ORDINARY RESOLUTIONS For 4 Against 4
(f) To elect Mr. Cristiano PROSERPIO as alternate statutory auditor; and
(g) To elect Mr. Antonino PARISI as the Chairperson of the board of statutory auditors.
6. To approve the aggregate compensation for the board of statutory auditors for each financial year of their three years term in the overall amount of Euro 130,000 per year.

Signature⁵ _____ Dated this ____ day of ______ 2012

Notes:

(1) Full name(s) and address(es) to be inserted in BLOCK CAPITALS.

(2) Please insert the number of shares registered in your name(s). If no number is inserted, this form of proxy will be deemed to relate to all the shares in the Company registered in your name(s).

(3) If any proxy other than the authorized representative of Anglo Chinese Corporate Finance, Limited, the Compliance Adviser of the Company, is preferred, delete the words "the authorized representative of Anglo Chinese Corporate Finance, Limited, the Compliance Adviser of the Company, or" and insert the name and address of the proxy desired in the space provided. Any alteration made to this form of proxy must be initialed by the person(s) who signs it. As a matter of Italian law, it is not possible to appoint a director, statutory auditor or employee of the Company or any of its subsidiaries as your proxy. For example, it is not possible to appoint the Chairman of the Meeting as your proxy.

(4) Please indicate with an "✓" in the appropriate space beside each of the resolutions how you wish the proxy to vote on your behalf on a poll. If this form is returned duly signed, but without any indication, the proxy will vote for or against the resolution or will abstain, at his/her discretion.

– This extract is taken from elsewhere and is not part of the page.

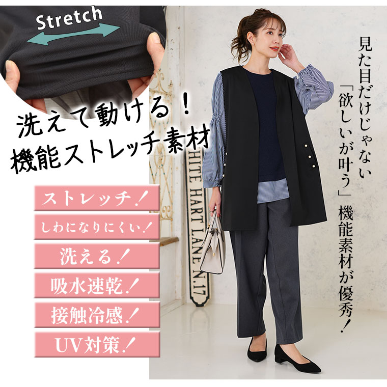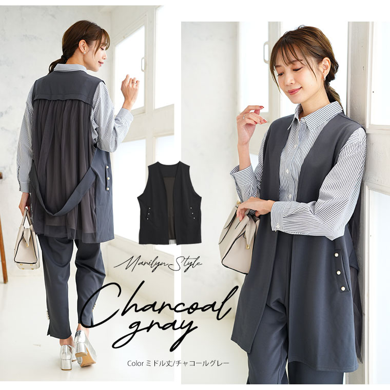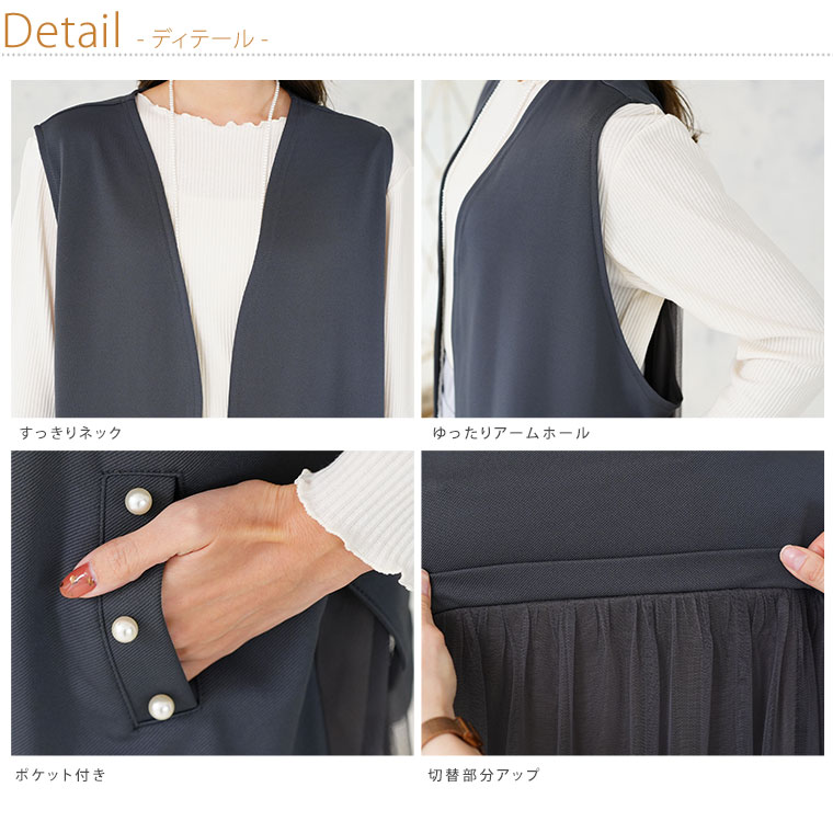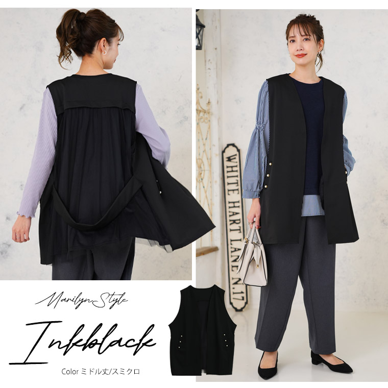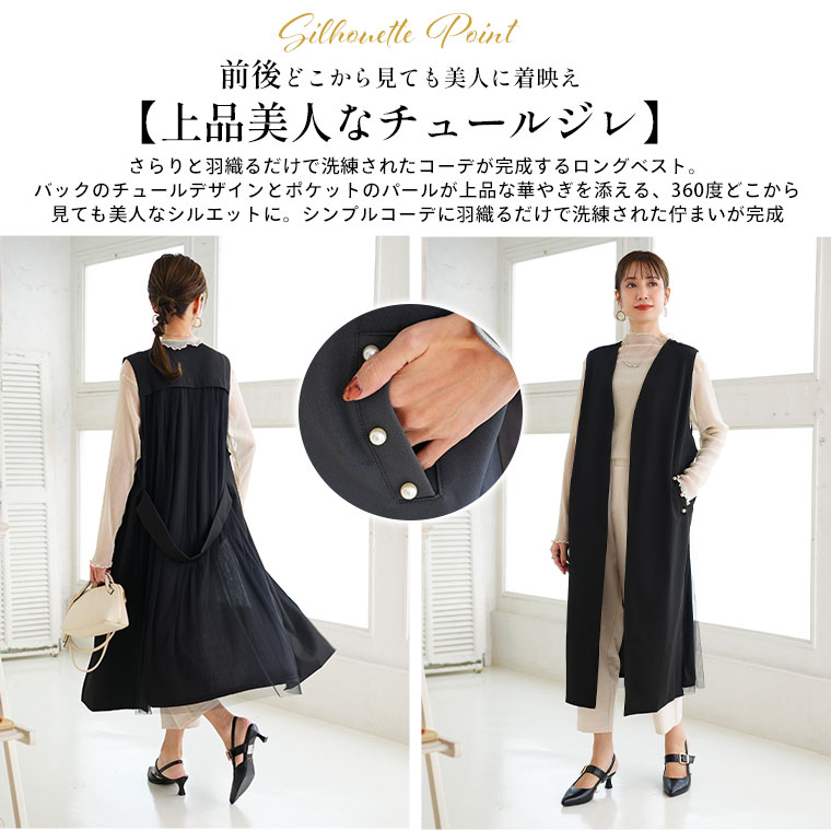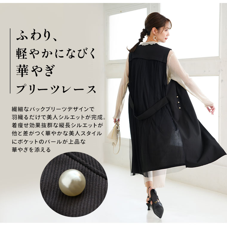 ひらっと軽やかなバックチュールで華やかさ、ポケットのパールで上品さもプラスした大人ジレ

(5) This form of proxy must be signed by you or your attorney duly authorised in writing or, in the case of a corporation, must be either under its common seal or under the hand of an officer or attorney duly authorised.

(6) In the case of joint holders, the vote of the senior who tenders a vote whether in person or by proxy will be accepted to the exclusion of the votes of the other joint holders. For this purpose seniority is determined by the order in which the names stand in the Register of Members in respect of the joint holding.

(7) To be valid, this form of proxy, together with any power of attorney or other authority (if any) under which it is signed or a notarially certified copy of such power of attorney or authority, shall be deposited with the Company's Hong Kong share registrar, Computershare Hong Kong Investor Services Limited, at 17M Floor, Hopewell Centre, 183 Queen's Road East, Wanchai, Hong Kong by no later than 48 hours before the time for holding the Meeting.

(8) A proxy need not be a Shareholder of the Company but must attend the Meeting in person to represent you.

(9) The chairman of the Meeting will demand a poll on each of the questions submitted for determination at the Meeting. On a Poll, every member present in person or by a duly authorised corporate representative or by proxy shall have one vote for every share held by him/her. The results of the poll will be published on the websites of Hong Kong Exchanges and Clearing Limited at www.hkexnews.hk and the Company at www.pradagroup.com following the Meeting.